Perhaps the engagement level partly depends on how early they come to Headspace, and could the company work with schools to encourage mindfulness from a young age, I wonder?

“Well, in the UK there’s a study that we are doing in schools which is run by the University of Southampton in Bath with its Health Psychology department. In order to roll out to schools at scale we really want to understand how to set the teachers and students up for success. We want the Headspace approach to be evidence-based. We’re partnering with research groups to study mindfulness into the classroom and actually measure its effects on the students, on the teachers. And then we’ve also partnered with school districts in the US.

"We had a design research collaboration with the Newark school districts outside of New York where we partnered with principals, students and teachers and explored best practices of how you integrate mindfulness into the classroom. And we’ve made it available to a number of school districts in the US and that work is just starting to scale up as we really define best practices around this.

"So, yes, we’re very committed to making Headspace freely available to schools.”

By freely, Jones Bell means they don’t charge for this, that it’s all philanthropic.

“Often what teachers are doing is playing a Headspace session when the kids are getting started for the day or coming back in from a break, lunch and so on, or before a test. When I’ve gone into the classrooms, the kids talk about how they’re using it.

"They feel like this is helping them managing anxiety before a test or help them settle down when they come back in. The kids are amazingly insightful and clear about how mindfulness is impacting them. They also talk about how they wish that their mom, dad, grandma, whoever is their caregiver, had access to it as well.”

“We’re also seeing schools which are substituting detention with meditation,” she goes on. “Because if the kid is acting out or something is wrong behaviourally, why would you punish the child further? Instead, actually take the time to teach the practice of meditation and mindfulness. Reduction in aggression increases compassion.”

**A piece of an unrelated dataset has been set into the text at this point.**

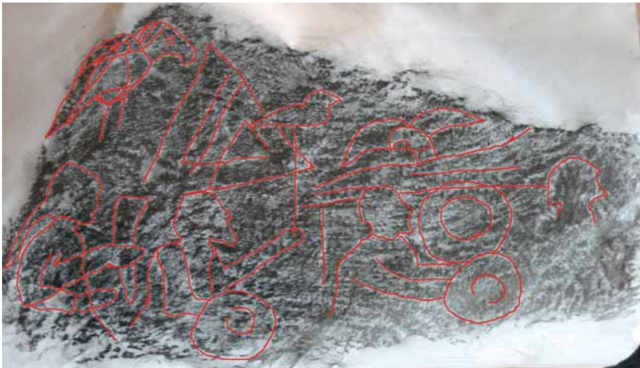
Frottage utav en av kalkstenarna som påträffades i stolphålen vid BUTTLE ÄNGE. På stenen kan ses en kvinna med dryckeshorn, tre män och sköldar, en triskel samt tre fågelfigurer.

I’m told that physical changes happen in the brain after 10 minutes of meditation, which seems remarkable.

“It is. A lot of neuro-imaging neuroscience research on meditation historically has been with expert practitioners. Our approach to brain science essentially has been to focus on novice meditators, on people who are likely to be Headspace members and to essentially look at the brain changes after eight to 12 weeks of practice for anywhere from 10 to 20 minutes a day.”

Which means that for something that can feel pretty abstract like meditation, the brain research really helps make it concrete for people and seems to show that the practice is having a measurable impact.

"With meditation in app form we’ve gone a long way to try to demystify mindfulness and kind of strip away all the chanting and cross-a-mountaintop type aspects. We’ve actually found that people are now giving it a shot because they can do it in the privacy of their home. It’s an application that’s intentionally designed to be accessible."